* Recorded information:
====================

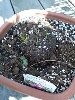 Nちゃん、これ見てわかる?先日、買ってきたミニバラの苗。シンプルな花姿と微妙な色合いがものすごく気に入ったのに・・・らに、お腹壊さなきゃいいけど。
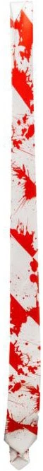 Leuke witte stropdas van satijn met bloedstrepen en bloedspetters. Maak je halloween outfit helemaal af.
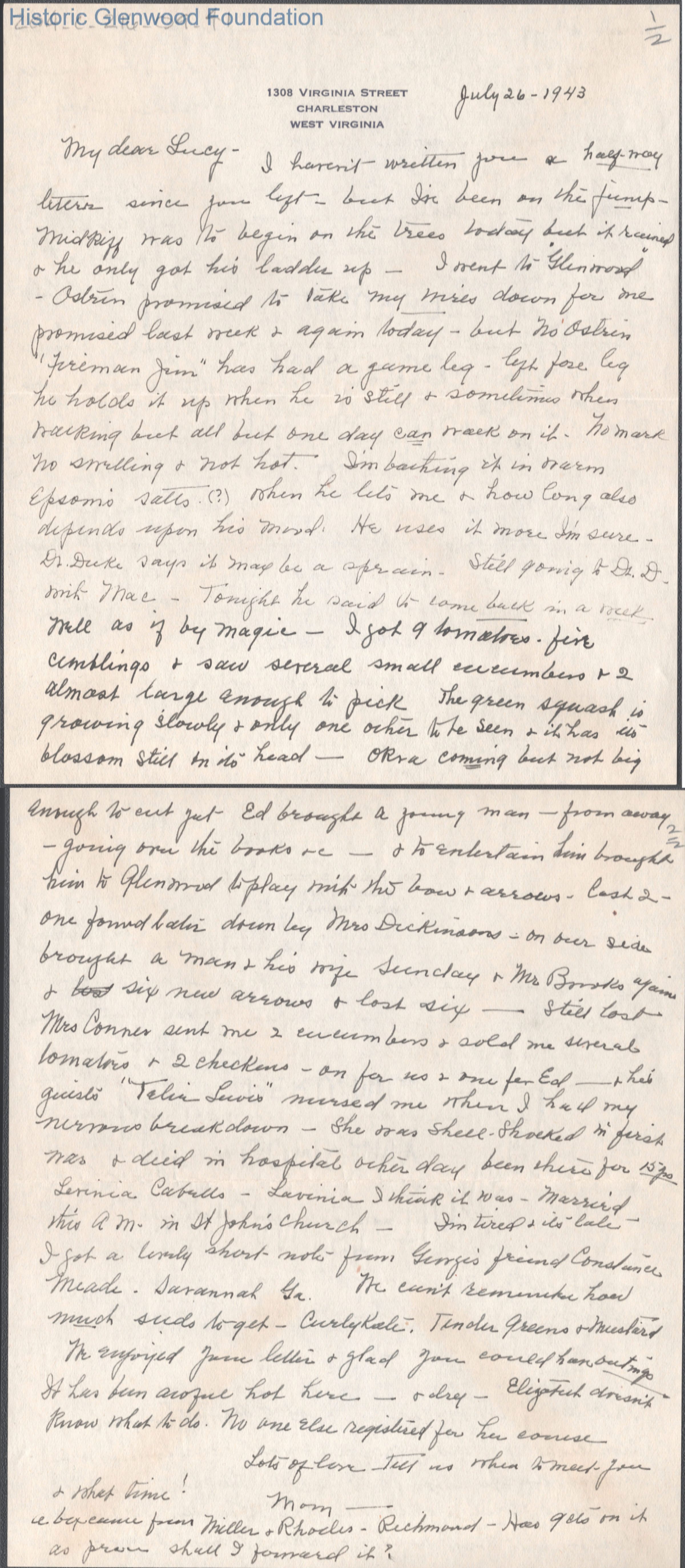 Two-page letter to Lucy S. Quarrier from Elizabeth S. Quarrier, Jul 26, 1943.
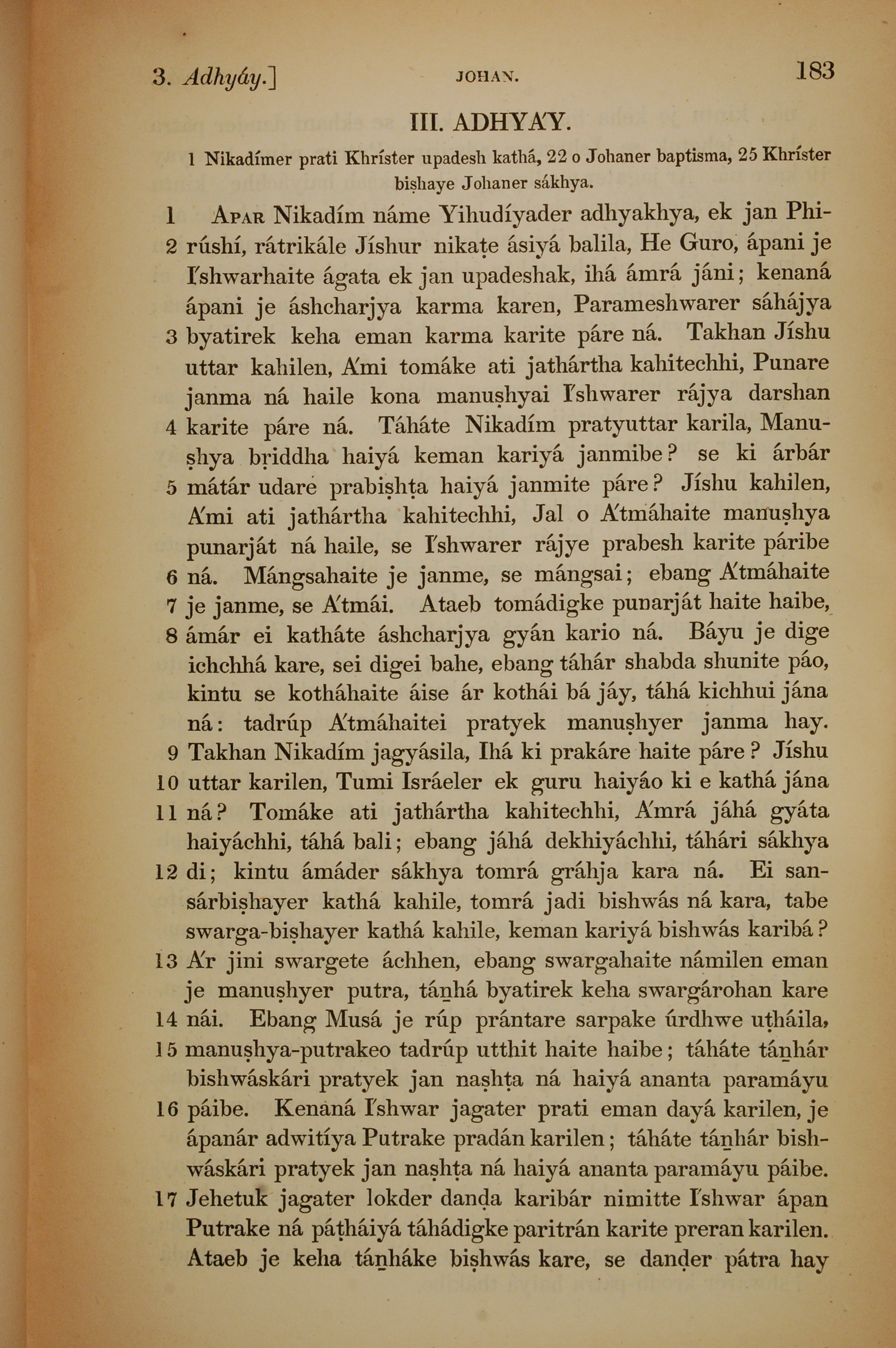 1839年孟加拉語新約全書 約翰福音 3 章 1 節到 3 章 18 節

====================

Print the complete listing exactly as it stands, without its pictures.

 Nちゃん、これ見てわかる?先日、買ってきたミニバラの苗。シンプルな花姿と微妙な色合いがものすごく気に入ったのに・・・らに、お腹壊さなきゃいいけど。
 Leuke witte stropdas van satijn met bloedstrepen en bloedspetters. Maak je halloween outfit helemaal af.
 Two-page letter to Lucy S. Quarrier from Elizabeth S. Quarrier, Jul 26, 1943.
 1839年孟加拉語新約全書 約翰福音 3 章 1 節到 3 章 18 節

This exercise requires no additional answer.